Delivery of particulates can be represented and controlled to mimic the human in vivo situation using mechanical systems such as virtual impactors, which permit collection and delivery of a precise mass and particle size. One of the primary limitations in assessing particle loads lies in matching the type and amount of respirable particulate exposure encountered by a person at home, in a work environment, or outside. This can be assessed using small, non-intrusive wearable particle collectors and monitors.
Correlations have been established relating PM toxicity with the concentration of certain metals [Adamson et al., 2000]; however, the analysis cannot be performed using a simple additive approach. Whereas Dye and coworkers  demonstrated that epithelial cell response to residual oil fly ash correlated strongly with the ash content of V, but not with Fe or Ni. A strong correlation has been found between V and Fe levels and cellular toxicity, whereas correlation between Zn content and toxicity can be poor [Okeson et al., 2003]. Part of this difficulty in developing correlations is likely due to synergistic effects between metals. For example, Zn, in moderate concentrations, can mitigate the effects of V and Cu, but not Ni or Fe [Riley et al., 2003]. Such difficulties in developing clear correlations between PM composition and ultimately with toxicity in humans motivates the development of biological activity based monitoring schemes.
The capability of permitting development of synergist effects can be mimicked through more complex design of cell culture, in vitro studies. The major challenge lies in assessing the full array of information provided by the exposed (respiratory) tissue. These include release of signaling compounds (cytokines, reactive oxygen species, etc.), permissive transport of the particles (crossing a cell barrier), and physical changes (loss of lung compliance, loss of tight cell-cell connections, and inactivation or death). These attributes can be quantified in cell culture methods with the proper experimental design. The challenge is that researchers have not been asking such holistic questions in a manner that readily leads to well engineered experimental systems.
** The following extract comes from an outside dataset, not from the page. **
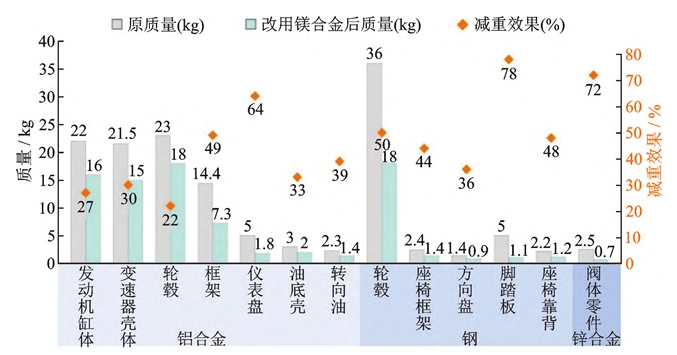 圖3 電磁泵低壓鑄造工藝原理圖 此外,吳國華等結合涂層轉移制芯技術、坩堝液體金屬密封技術與低壓鑄造技術,創新性開發出大型鎂合金鑄件精密低壓鑄造成型新工藝,保證了鎂合金液的高純度和高凈度。所制造的鎂合金鑄件組織致密、尺寸精度高、表面質量好,且已具備100 kg鎂合金鑄件研發與小批量試制能力。 2 鎂合金低壓鑄造的發展現狀 早在20世紀初,英國就提出了低壓鑄造技術, 并將該技術應用在鎂合金生產上,但受限于當時技術和設備,一直未得到大規模應用。第二次世界大戰后,汽車工業開始快速發展,對汽車輪轂等零部件的需求量不斷增加,而這類零部件也適合用低壓鑄造工藝生產,進而該技術得到迅速發展,但設備和技術僅掌握在少數發達國家手中。20世紀中葉后,各 國開始投入人力物力對低壓鑄造技術的原理和工藝進行了深入研究,隨全球化進程和科技發展,低壓鑄造的設備也在不斷升級,其應用范圍更加廣泛,現已大量應用于航空航天、汽車及各類機械產業中。 以低壓鑄造鋁合金輪轂為例,其在20世紀80年 代的市場占有率僅為4%,但到了21世紀初其市場占有率便擴大至60%以上。目前低壓鑄造已成為生產鋁合金輪轂最主要的工藝。為進一步加速汽車輕量化進程,各國廠家與研究者正加快鎂合金輪轂的研發與生產,以替代鋁合金實現更深入的輕量化,研究主要聚焦于新材料、新工藝上。研究表明, 若要獲得與鋁合金輪轂相同的剛度,鎂合金輪轂的壁厚僅需增至鋁合金輪轂的1.17倍,此時其質量也僅為鋁輪轂的78%,具有明顯輕量化效果;在新能源車上用鎂合金輪轂代替鋁合金輪轂,車輛續航能力可以提高8%以上,汽車加速性能和減振效果也得到明顯提升。目前用于鎂合金的鑄造工藝有重力鑄造、高壓鑄造、擠壓鑄造以及低壓鑄造等。其中,低壓鑄造因其充型平穩和順序凝固等特點在鎂合金零件制造上有獨特的優勢,在工業領域受到廣泛的關注。但通過低壓鑄造技術生產鎂合金輪轂仍有待深入研究和改進,技術還不成熟,沒有得到廣泛推廣和應用。 進入21世紀以來,隨著計算機技術的發展,數值模擬技術被廣泛地用于低壓鑄造工藝的開發和優化。利用軟件對鎂合金的鑄造過程進行數值模擬, 可以提前預測出鑄件中產生的氣孔、疏松及夾渣等缺陷的出現位置及原因,縮短產品工藝開發的周期, 減少試模次數,降低生產成本。李靜怡等采用 鑄造模擬軟件EasyCast和NovaCast對鎂合金隔板鑄件低壓鑄造工藝過程進行數值模擬,發現隔板鑄件凝固過程未遵循順序凝固原則并有縮孔產生,通過添加冷鐵進行工藝改進,有效加強補縮效果,改善了縮孔缺陷。張華等基于AnyCasting鑄造模擬軟件分析了AZ91D鎂合金輪轂的鑄造過程,精確定位鑄造缺陷的部位并找出缺陷產生的原因,進而對鑄造工藝進行了優化,減少了試模次數,從而大大降低了成本;數值模擬的結果也為鎂合金輪轂的低壓鑄造提供了理論指導與依據,促進了低壓鑄造鎂合金輪轂的工藝開發和生產進程。 近年來,新能源汽車快速發展,為汽車工業輕量化提出了更高的要求。《中國制造2025》提出了汽車發展的整體規劃,輕量化已經成為世界各國汽車廠商最新核心的發展目標之一,圖4為鎂合金對汽車零部件的減重效果。純電動汽車重量每降低10%,續航里程便可增加約6%,而車輛的電池包系統重量占整車20%以上,成本占整車高達30%~ 60%,在動力電池系統中,電池殼占系統總重量約 2%~30%,是主要的結構件,因此在保證電池系統功能安全和車輛整體安全的前提下,電池殼的輕量化已經成為電池系統主要改進目標之一。《鋁鎂合金鑄件行業市場現狀研究報告》指出,當前鎂合金鑄件具備替換鋁合金鑄件在汽車輕量化領域應用的三大條件,即:鎂合金的密度約為鋁合金的2/3,且比強度高于鋁合金及鋼材,使用鎂合金替代鋁合金可實現25%~35%的減重率;鎂鋁價格比回落至1.3 區間內,“鎂代鋁”經濟上更具性價比;鎂合金在抗振、散熱、強度等方面具備優勢。2022年國內單車鎂合金用量僅3~5 kg,對比鋁合金單車100 kg以上的用量,發展潛力巨大。智己L7車型全套電驅動系統殼體是鎂合金材料在新能源電驅動殼體上的首次量產應用,這也是目前在國內外汽車領域量產應用的最大的鎂合金零組件之一。隨后,上汽也開發了多款鎂合金新能源電驅總成產品,并成功量產,加速拓寬了鎂合金新的應用場景,也預示了鎂合金在新能源汽車上的美好應用前景。隨著新能源汽車性能逐步提升,對電驅殼體、電池托盤等部件的輕量化和性能要求也有所提高,對低壓鑄造可熱處理強化鎂合金部件的需求愈發緊迫。

A significant challenge that has not yet been fully met by in vitro systems is the translocation of respired particles to other tissues. For example, Elder and coworkers have shown that ultrafine particles comprised of manganese oxide inhaled nasally by monkeys do not cause lung inflammation but accumulated in the olfactory bulb [Elder et al., 2006]. They concluded that the olfactory neuronal pathway was efficient at translocating ultrafine particles to the central nervous system. Such unintended consequences can be assessed by analysis of particle transport across cellular monolayers which can be performed with a higher degree of experimental control in vitro than with in vivo tests.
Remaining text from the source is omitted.